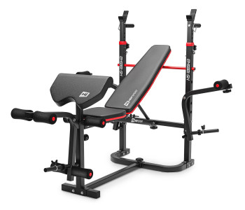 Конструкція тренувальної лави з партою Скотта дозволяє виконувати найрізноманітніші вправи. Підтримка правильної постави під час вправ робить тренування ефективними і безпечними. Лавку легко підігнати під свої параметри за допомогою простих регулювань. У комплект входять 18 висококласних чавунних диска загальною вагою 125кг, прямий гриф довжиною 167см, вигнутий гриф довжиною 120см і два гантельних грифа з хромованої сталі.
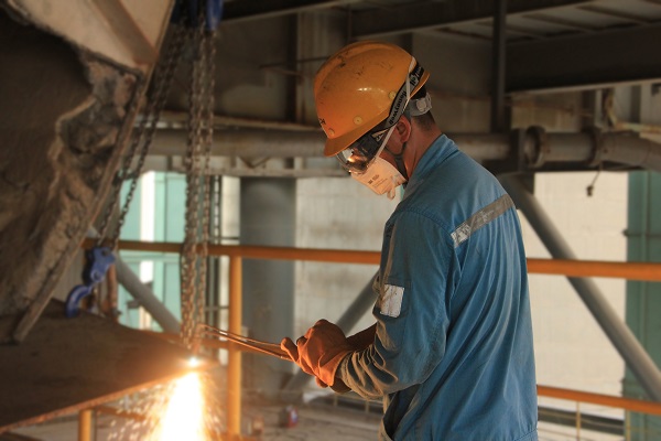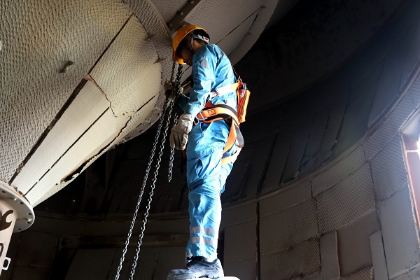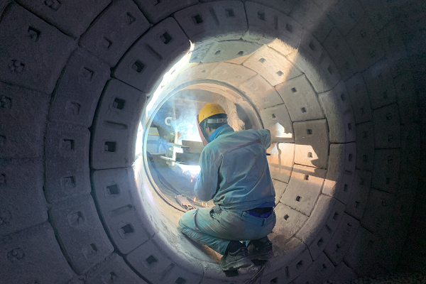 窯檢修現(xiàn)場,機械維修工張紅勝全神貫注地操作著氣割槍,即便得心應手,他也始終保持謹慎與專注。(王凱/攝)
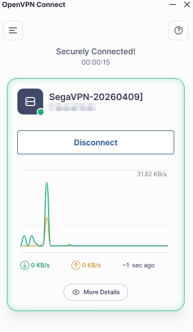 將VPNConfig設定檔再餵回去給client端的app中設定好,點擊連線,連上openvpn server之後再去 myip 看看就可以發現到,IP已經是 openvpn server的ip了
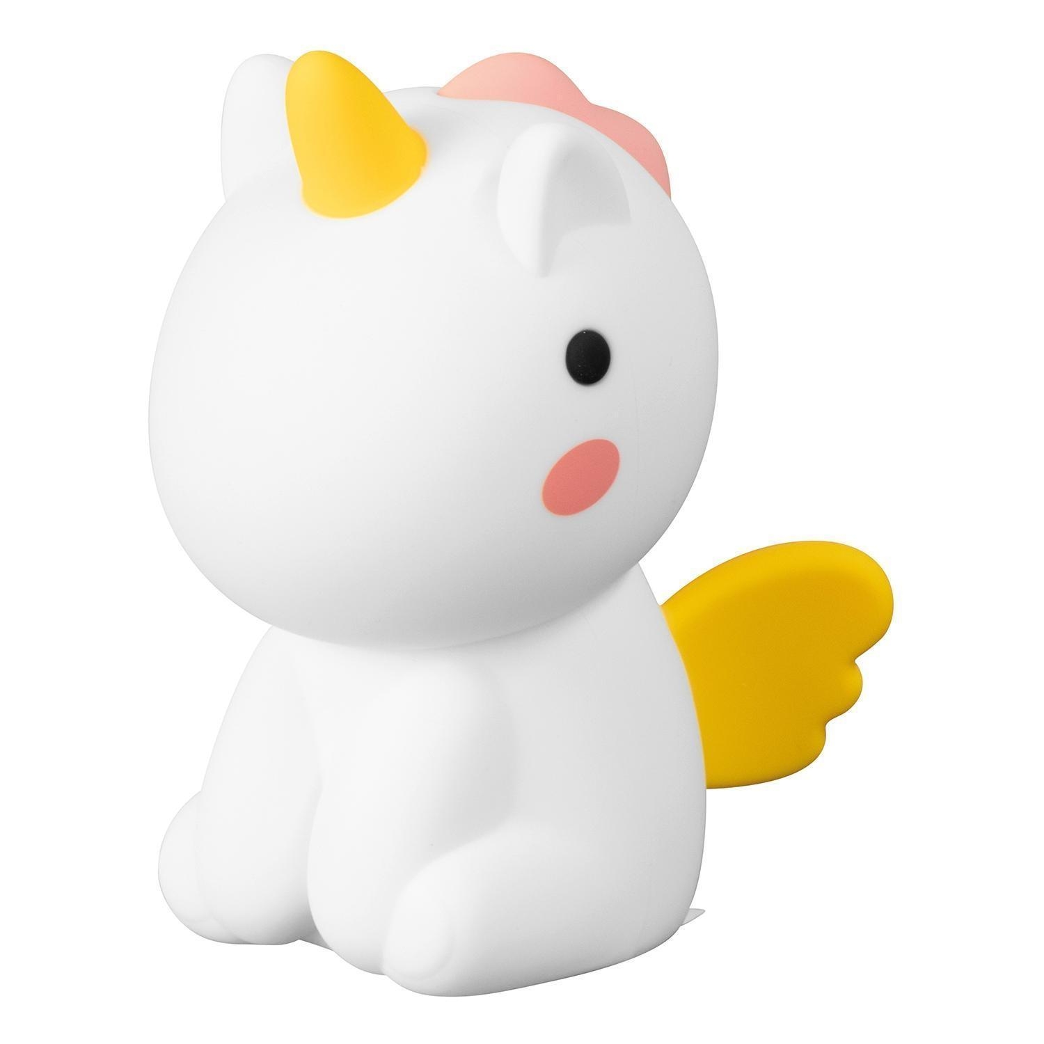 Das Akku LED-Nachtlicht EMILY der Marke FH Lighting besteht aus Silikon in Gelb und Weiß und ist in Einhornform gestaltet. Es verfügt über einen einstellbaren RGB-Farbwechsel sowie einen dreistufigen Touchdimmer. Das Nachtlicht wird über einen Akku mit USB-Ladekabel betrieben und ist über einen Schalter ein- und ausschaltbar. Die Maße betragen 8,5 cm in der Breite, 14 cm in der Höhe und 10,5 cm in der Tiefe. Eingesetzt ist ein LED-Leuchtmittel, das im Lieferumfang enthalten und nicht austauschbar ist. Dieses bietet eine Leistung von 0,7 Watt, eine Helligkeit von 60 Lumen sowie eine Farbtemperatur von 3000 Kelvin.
════════════════════
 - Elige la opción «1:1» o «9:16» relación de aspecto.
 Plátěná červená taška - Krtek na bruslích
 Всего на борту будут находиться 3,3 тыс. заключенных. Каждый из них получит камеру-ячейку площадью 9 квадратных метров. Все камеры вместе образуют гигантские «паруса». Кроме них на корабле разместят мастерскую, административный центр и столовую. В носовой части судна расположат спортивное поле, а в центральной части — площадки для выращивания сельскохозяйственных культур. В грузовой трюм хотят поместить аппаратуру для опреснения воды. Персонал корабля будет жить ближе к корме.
════════════════════
▶ _INSTRUCTIONS TO FOLLOW_:
Take the material above and output only the lines from the one that contains "Конструкція тренувальної лави" through the one that contains "Das Akku LED-Nachtlicht", ends included and images left out.

▶ _SOLUTION TO THIS EXERCISE_:
 Конструкція тренувальної лави з партою Скотта дозволяє виконувати найрізноманітніші вправи. Підтримка правильної постави під час вправ робить тренування ефективними і безпечними. Лавку легко підігнати під свої параметри за допомогою простих регулювань. У комплект входять 18 висококласних чавунних диска загальною вагою 125кг, прямий гриф довжиною 167см, вигнутий гриф довжиною 120см і два гантельних грифа з хромованої сталі.
 窯檢修現(xiàn)場,機械維修工張紅勝全神貫注地操作著氣割槍,即便得心應手,他也始終保持謹慎與專注。(王凱/攝)
 將VPNConfig設定檔再餵回去給client端的app中設定好,點擊連線,連上openvpn server之後再去 myip 看看就可以發現到,IP已經是 openvpn server的ip了
 Das Akku LED-Nachtlicht EMILY der Marke FH Lighting besteht aus Silikon in Gelb und Weiß und ist in Einhornform gestaltet. Es verfügt über einen einstellbaren RGB-Farbwechsel sowie einen dreistufigen Touchdimmer. Das Nachtlicht wird über einen Akku mit USB-Ladekabel betrieben und ist über einen Schalter ein- und ausschaltbar. Die Maße betragen 8,5 cm in der Breite, 14 cm in der Höhe und 10,5 cm in der Tiefe. Eingesetzt ist ein LED-Leuchtmittel, das im Lieferumfang enthalten und nicht austauschbar ist. Dieses bietet eine Leistung von 0,7 Watt, eine Helligkeit von 60 Lumen sowie eine Farbtemperatur von 3000 Kelvin.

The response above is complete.